**** Data shown

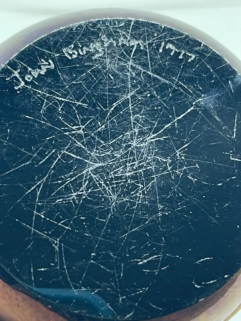Rare old paperweight dated and signed. Please note the wear on the under of the paperweight
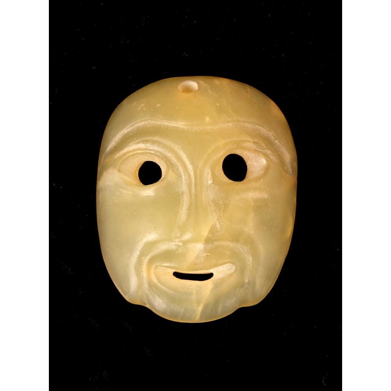 A green stone Shaman amulet mask, possibly North American, 2½in (6.3cm) high.
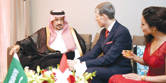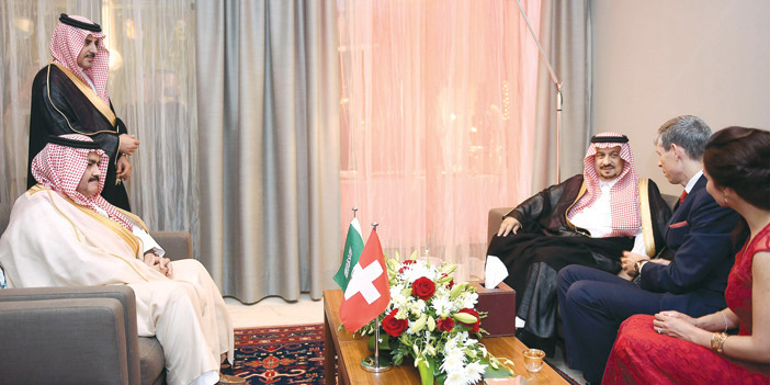 شرّف صاحب السمو الملكي الأمير فيصل بن بندر بن عبدالعزيز أمير منطقة الرياض مساء أمس حفل سفارة جمهورية سويسرا بمناسبة ذكرى اليوم الوطني لبلادها، وذلك بمنزل السفير بحي السفارات الرياض.
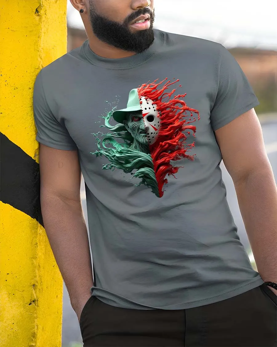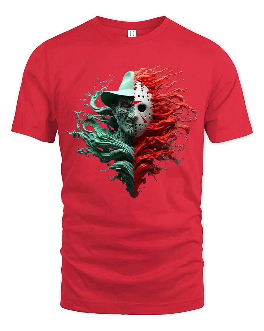 Split Horror Mask Character Graphic T Shirt Dual Face Scary Tee features a striking design that blends two terrifying personalities into one powerful visual.
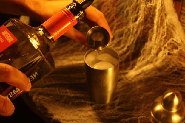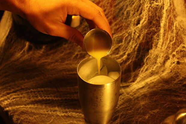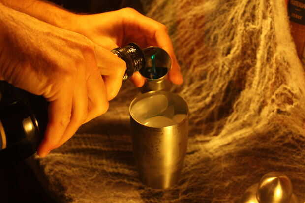 Ponerles la parte superior, luego la tapa y agite vigorosamente durante cinco o más segundos. Tomar la tapa y vierta en un vaso de martini bien frío o cáliz de Halloween.

********

• _What you are asked to do_
Print out every entry above without changing a word, and leave out the pictures.

• _Written solution_
Rare old paperweight dated and signed. Please note the wear on the under of the paperweight
 A green stone Shaman amulet mask, possibly North American, 2½in (6.3cm) high.
 شرّف صاحب السمو الملكي الأمير فيصل بن بندر بن عبدالعزيز أمير منطقة الرياض مساء أمس حفل سفارة جمهورية سويسرا بمناسبة ذكرى اليوم الوطني لبلادها، وذلك بمنزل السفير بحي السفارات الرياض.
 Split Horror Mask Character Graphic T Shirt Dual Face Scary Tee features a striking design that blends two terrifying personalities into one powerful visual.
 Ponerles la parte superior, luego la tapa y agite vigorosamente durante cinco o más segundos. Tomar la tapa y vierta en un vaso de martini bien frío o cáliz de Halloween.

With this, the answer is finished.